Ari Alibhai speaks at the International Computer Hacking and Intellectual Property Programme in Budapest

The week-long event is organised by the US Dept of Justice and US Department of State and will bring together participants from Hungary, Romania, Bulgaria, Moldova, and Ukraine to discuss investigative and prosecutorial methods related to cybercrime and digital piracy.

Ari Alibhai speaks on day three when digital piracy will be considered in-depth.  Case studies will be provided from the U.S. with presenters from US DOJ’s Computer Crime and Intellectual Property Section (CCIPS).  Ari will present on illicit Streaming and the Premier League discussing the Flawless investigation and prosecution.

Ari Alibhai specialises in the private prosecution of criminal intellectual property infringement.  He acts for multinational corporate clients in music, film, sport and broadcast media, including the Premier League, FACT, Sky and BT Sport (now TNT).
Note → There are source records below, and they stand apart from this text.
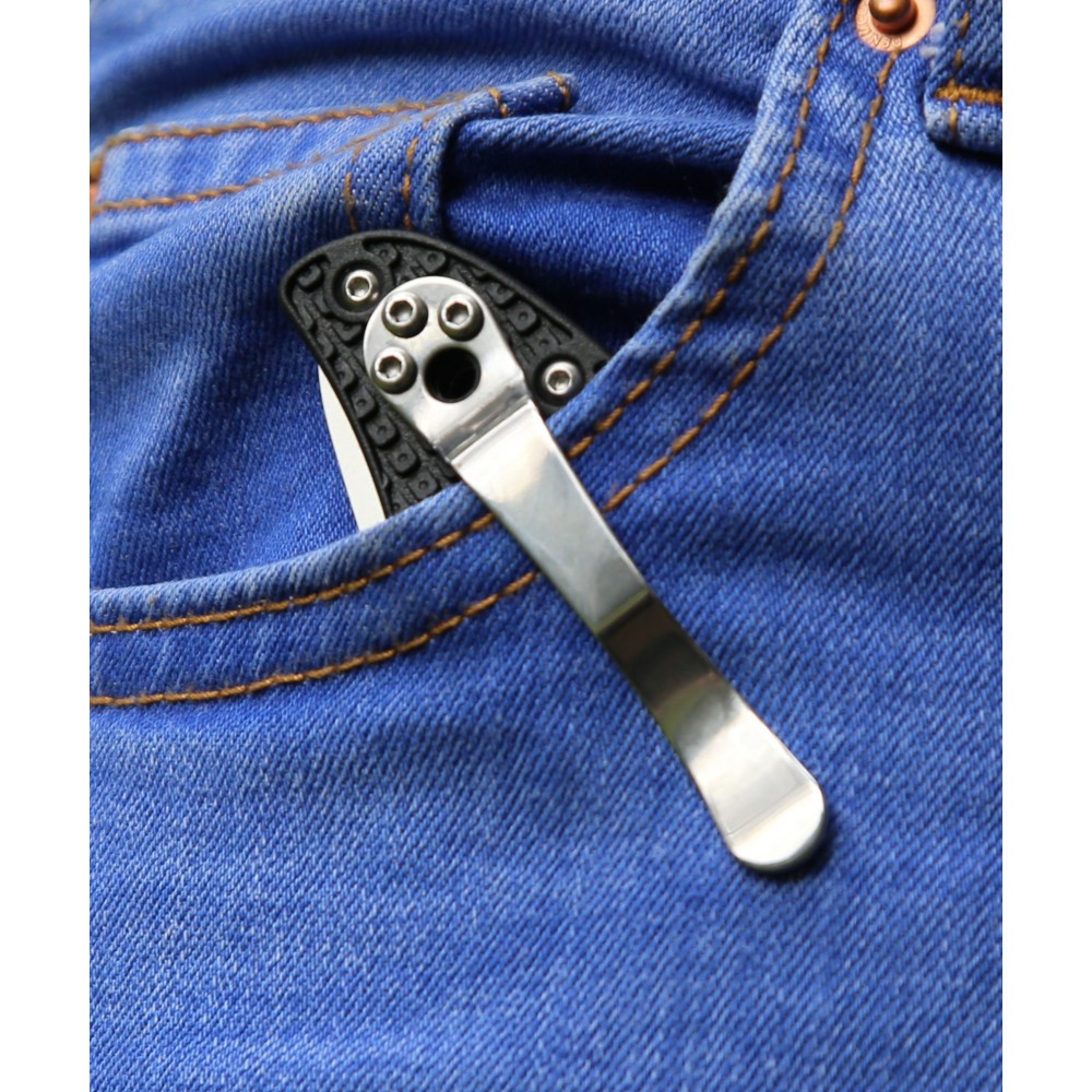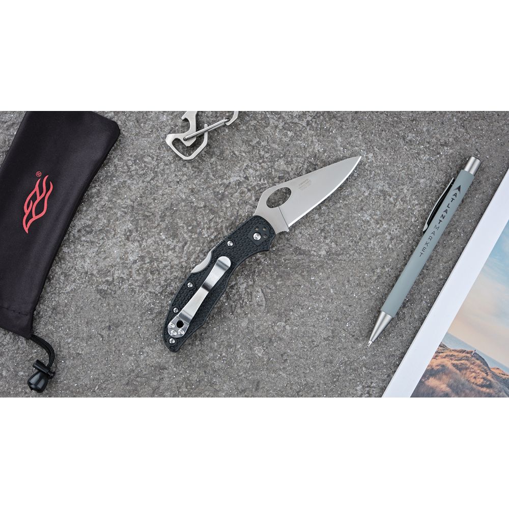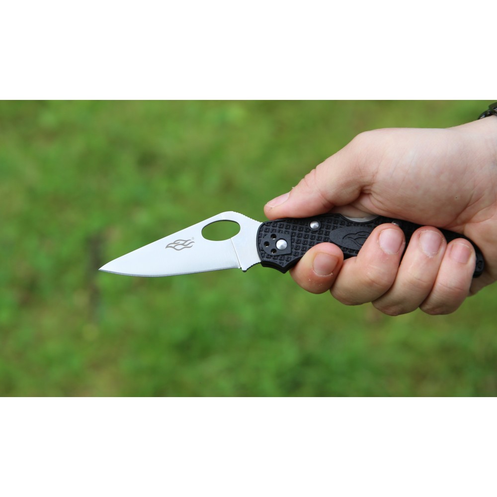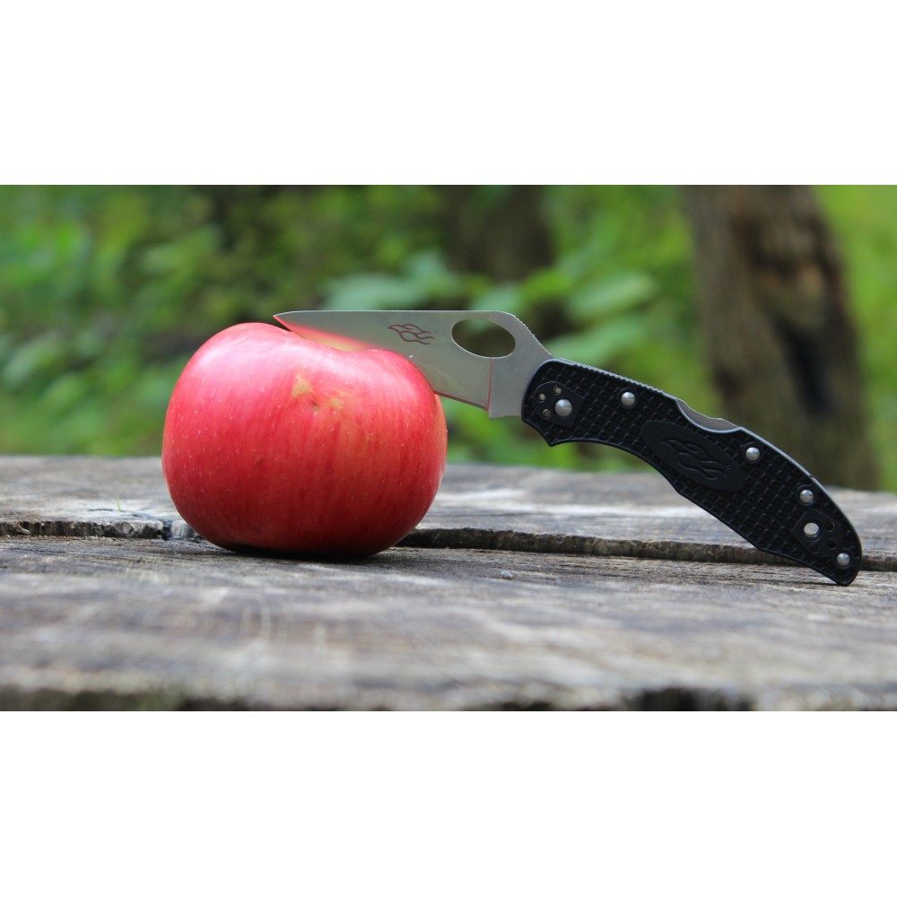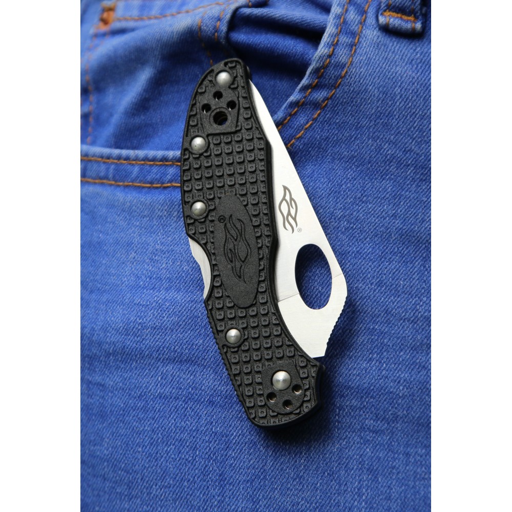 Невеликий складаний ніж здатний допомогти вирішити дуже багато питань, що виникають не тільки в місті, але і під час будь-яких поїздок на природу. Якщо для цих цілей ви хочете підібрати компактну, зручну і оригінальну модель, Firebird F759M підійде під кожен з перерахованих критеріїв. Загальні розміри ножа — 17,5 см, а в складеному вигляді він ще більш компактний, важить 67 грам. Такий ніж точно не здасться важким для того, щоб носити його в кишені. До того ж, він дуже цікаво оформлений і зроблений дуже довговічним. Лезо в даній моделі — нержавіюче. Для нього виробники взяли сталь 440С з показником твердості 58 HRC. Такий метал буде довгий час зберігати відмінний рівень заточування. Враховуючи, що кромка леза Firebird F759M зроблена гладкою, поєднувати її власник ножа зможе і самостійно. Розмір безпосередньо леза становить 75 мм. Помітно розширюється до ручки клинок оброблений на фінішному етапі за методом сатинування, за рахунок чого на його поверхні стають майже непомітними різні відбитки і невеликі подряпини, а значить, довше ніж виглядає зовсім новим. Отвір, який зроблено в лезі служить для відкриття ножа. У відкритому положенні клинок Firebird F759M фіксується спеціальним замком, конструкція якого називається Back Lock. Він довговічний, не спрацьовує без участі користувача, досить простий у догляді. Що стосується рукоятки, то вона може бути оранжевою, чорної, рожевий або блакитний. Матеріалом для яскравих накладок послужив наповнений скловолокном нейлон. Це дуже міцний і стійкий до різного роду впливів матеріал, який прослужить багато років. Щоб ніж не прослизав у долоні, накладки зроблені текстурними. Щоб закріпити ніж у кишені і виключити його випадіння під час перенесення, рекомендується використовувати притискну кліпсу. Її можна встановити в тому положенні, яке здасться найбільш зручним (все можливе 4 варіанти). Особливості:- невеликий кишеньковий ніж;
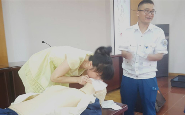 活动中,志愿者们针对企业生产中的突发外伤、电击伤、烧烫伤、毒气泄漏、中暑等常见疾病和公共卫生事件进行了现场急救和处理的理论宣教;同时对如何拨打120,打120急救电话的注意事项进行了普及;最后进行了心肺复苏、外伤止血包扎、骨折的固定和搬运的现场操作演示。在场人员积极参与互动,纷纷上台亲自操作胸外心脏按压和人工呼吸。大家纷纷表示,今天的培训十分有意义,也很实用,通过图文并茂的讲授,加上现场体验实际操作,从中受益匪浅,今后可以将学到的急救知识和理念传递给家人和朋友,同时去帮助那些在危急时刻需要帮助的人们,为他们的生命安全争取宝贵的时间。
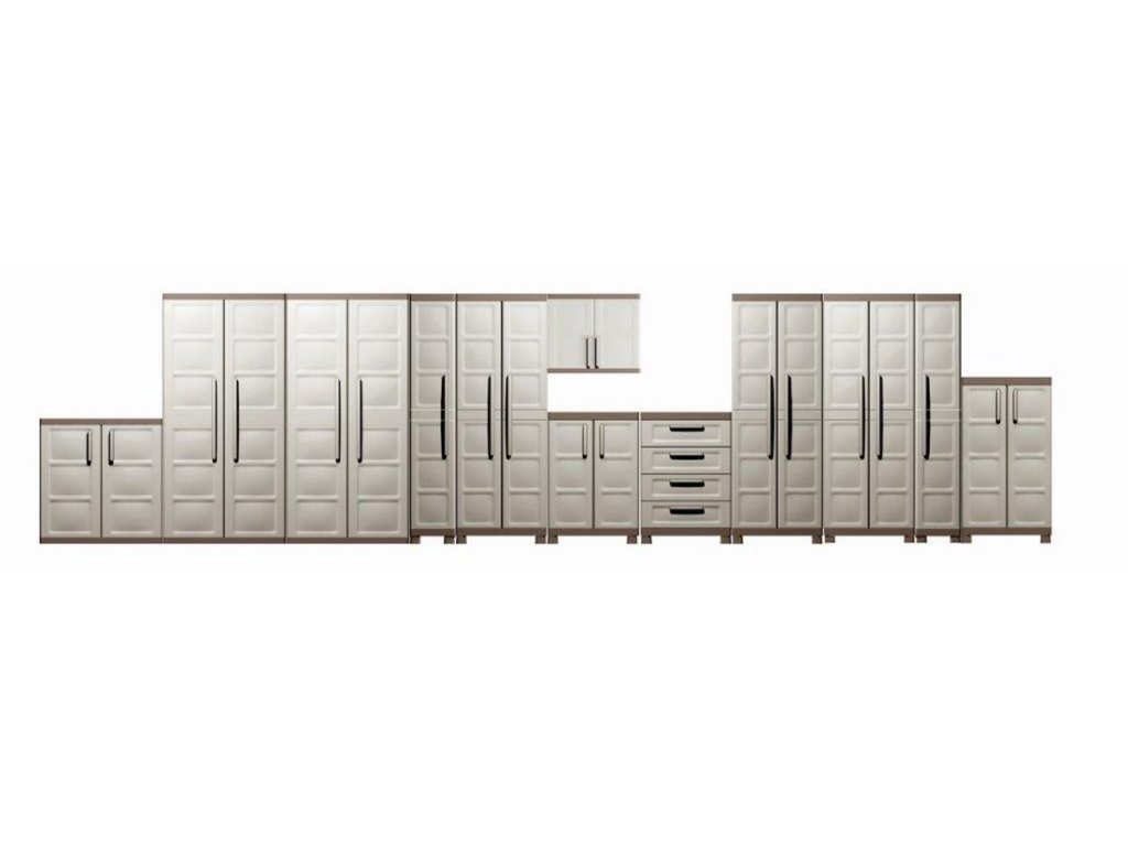 - 1x skriňa Keter Excellence Low s policami, nožičkami a uzamykateľnými dverami
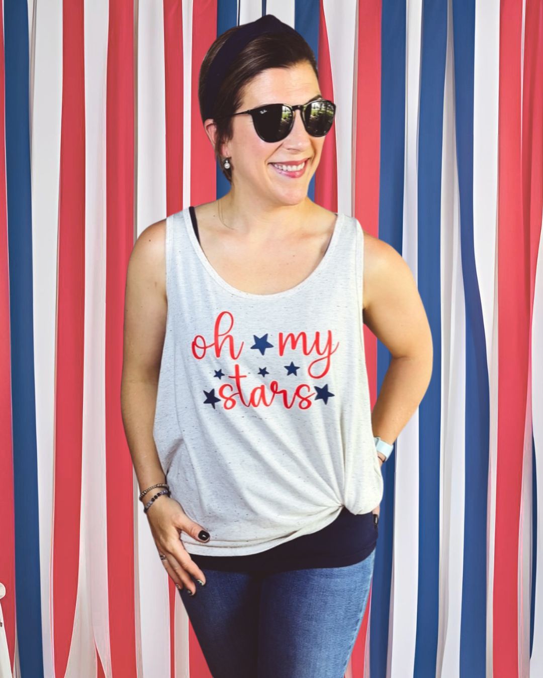 Add a little southern charm and a lot of star-spangled spirit to your wardrobe with this “Oh My Stars” unisex jersey tank top in the color Oatmeal! Whether you're headed to a 4th of July BBQ, summer concert, lake weekend, or fireworks show, this tank brings just the right mix of playful, patriotic energy.

He is at the forefront of ground-breaking and precedent setting cases, having undertaken almost 100 private prosecutions over a 20 year period, with an increasing focus on broadcast piracy and illicit streaming.

Ari has unique experience building and developing private prosecution systems for rights' holders, brand owners and broadcasters defrauded through piracy, and has done so for many clients including the Premier League, SKY, FACT, The British Recorded Music Industry and Virgin Media Ltd.   Ari has used his experience to train and advise the National Trading Standards Service, the Public Prosecution Service for Northern Ireland and the Crown Prosecution Service in the prosecution of intellectual property crime. For the past ten years Ari has focused on the prosecution of Organised Crime Groups responsible for the operation of large scale Illicit Streaming Services (ISS), the most significant of which concerned the Flawless ISS.

Trading under the names Flawless, Shared VPS and Optimal (also known as Cosmic), the fraudulent pay-tv services in this case generated in excess of £7 million in just five years. The ISS involved more than 50,000 customers and resellers, and 30 employees, one of which was positioned undercover at a specialist anti-piracy company.  The organisations offered illegal access to watch Premier League matches, hundreds of channels from around the world and tens of thousands of on-demand films and TV shows. It is understood to be the world’s largest-ever prosecution of an illegal streaming network and resulted in five people being sentenced in June 2023 to a total of more than thirty years’ imprisonment after being found guilty of conspiracy to defraud, money laundering and contempt of court. The investigation and prosecution undertaken by the Premier League was supported by a number of organisations including the Metropolitan Police, Hammersmith & Fulham Council’s Trading Standards team and the anti-piracy organisation, FACT.

The event forms part of the U.S. Department of Justice Overseas Prosecutorial Development, Assistance and Training programme.